Spark Streaming resource dynamic application and dynamic control consumption rate analysis

Source: Internet
Author: User

Contents of this issue:

    • Spark Streaming Resource dynamic allocation
    • Spark streaming dynamically control consumption rate

  Why dynamic processing is required:

Spark is a coarse-grained resource allocation, that is, by default allocating a good resource before computing, coarse granularity has a benefit, because the resources are assigned to you in advance, when there is a calculation of the task of direct use,

the bad aspect of coarse granularity is from spark Streaming angle of peak value, low peak, in high and low peak time required resources are not the same, if the resource allocation according to High Peak, at low peak is the waste of resources,

as the spark streaming program itself continues to run on resources consumption and management are also factors that need to be considered.

One, the Spark streaming resource dynamic allocation:

Dynamic Resource allocation Source:

    

Set its configuration in sparkconf

    

  

  The frequency of the timer to constantly scan the executor, the running scheduler is to run in different executor, need to dynamically increase executor or reduce executor, for example, to determine a 60-second time interval

of the Executor a If the task is not running, it will remove the executor. How the executor is reduced because the executor running in the current application will have a data structure in the driver that keeps a reference to it, each time the task is scheduled

the time will iterate through the columns of the executor table, and then query the list of available resources, depending on whether the clock in this class is constantly looping to see if the conditions for adding or removing executor are met, and if the conditions for adding or removing are met

triggering executor to add and remove.

    

    From the spark streaming point of view, the dynamic resource adjustment that spark streaming is dealing with is Executor's resource dynamic adjustment, what is the biggest challenge?

Spark streaming is run according to Bachduration, perhaps this bachduration need a lot of resources, the next without so many resources, the current bachduration resources have not been adjusted to complete its operation has expired.

  

Second, dynamic control consumption rate:

Spark streaming elastic mechanism, you can see how the flow incoming data is handled, the relationship between the speed of processing can be processed in time, if it is too late to deal with, will dynamically control the speed of data flow in.

The spark streaming itself has a rate control, which can be adjusted manually using manual controls that require a sense of the speed at which the spark streaming is processed, according to Bachduration

Stream incoming data to control its speed, you can adjust the bachduration into more data or less data.

remark:
      • Data from: Liaoliang (Spark release version customization)
      • Sina Weibo:http://www.weibo.com/ilovepains

Spark Streaming resource dynamic application and dynamic control consumption rate analysis

Contact Us

The content source of this page is from Internet, which doesn't represent Alibaba Cloud's opinion; products and services mentioned on that page don't have any relationship with Alibaba Cloud.

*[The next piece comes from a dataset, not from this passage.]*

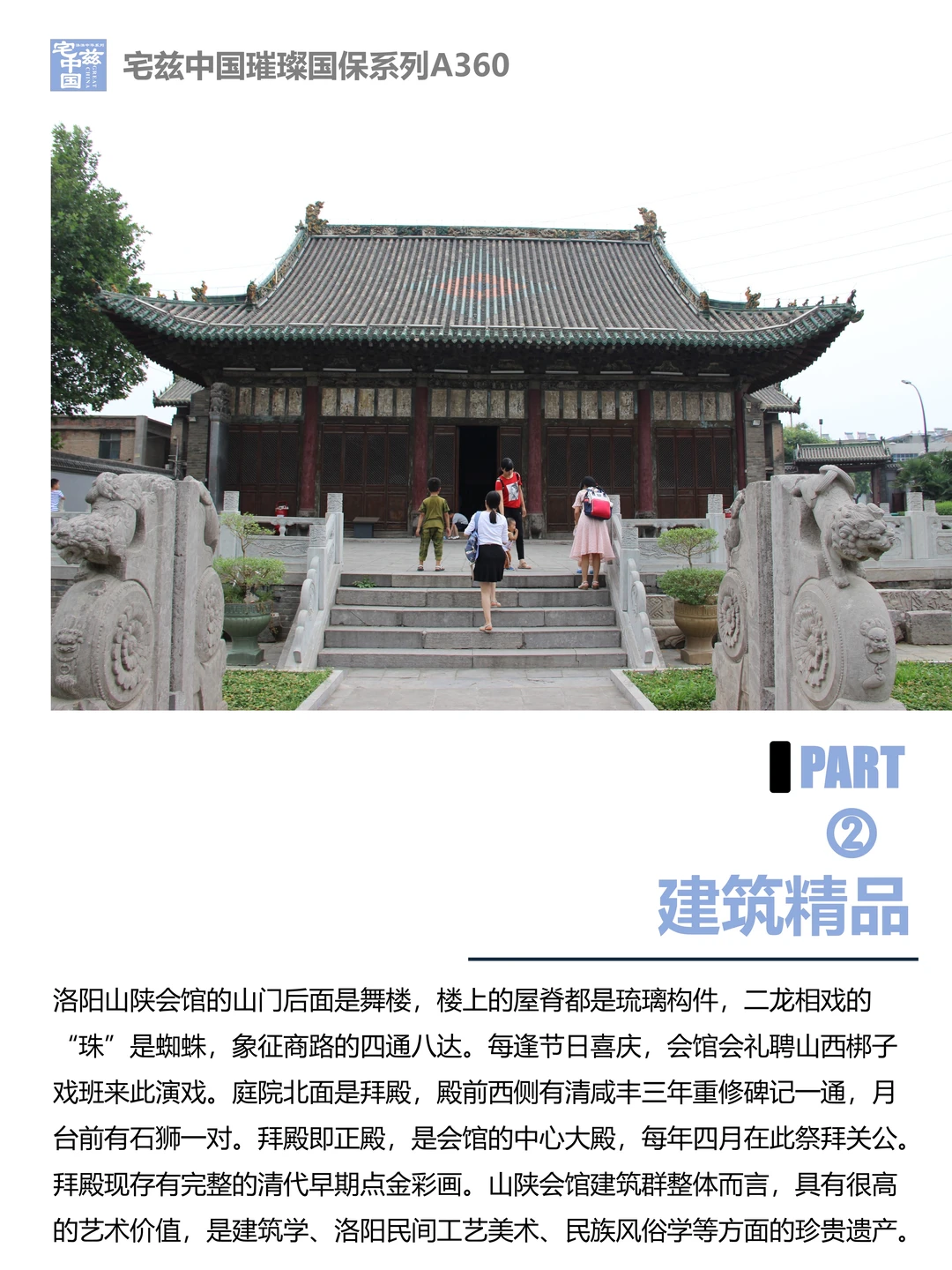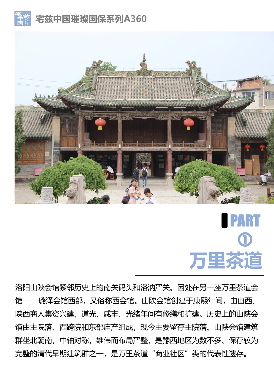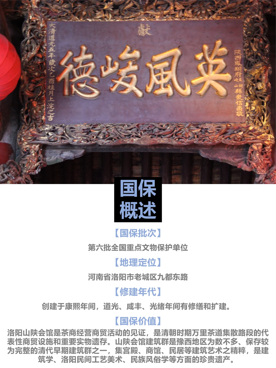 山陕会馆创建于康熙年间,由山西、陕西商人集资兴建,道光、咸丰、光绪年间有修缮和扩建,是茶商经营商贸活动的见证,是清朝时期万里茶道集散路段的代表性商贸设施和重要实物遗存。山陕会馆建筑群是豫西地区为数不多、保存较为完整的清代早期建筑群之一,集宫殿、商馆、民居等建筑艺术之精粹,是建筑学、洛阳民间工艺美术、民族风俗学等方面的珍贵遗产。山陕会馆基本无木不雕、无石不刻,最南端琉璃照壁是豫西保存最完好的琉璃照壁。

If the content of the page makes you feel confusing, please write us an email, we will handle the problem within 5 days after receiving your email.

If you find any instances of plagiarism from the community, please send an email to: info-contact@alibabacloud.com and provide relevant evidence. A staff member will contact you within 5 working days.

A Free Trial That Lets You Build Big!

Start building with 50+ products and up to 12 months usage for Elastic Compute Service

  • Sales Support

    1 on 1 presale consultation

  • After-Sales Support

    24/7 Technical Support 6 Free Tickets per Quarter Faster Response

  • Alibaba Cloud offers highly flexible support services tailored to meet your exact needs.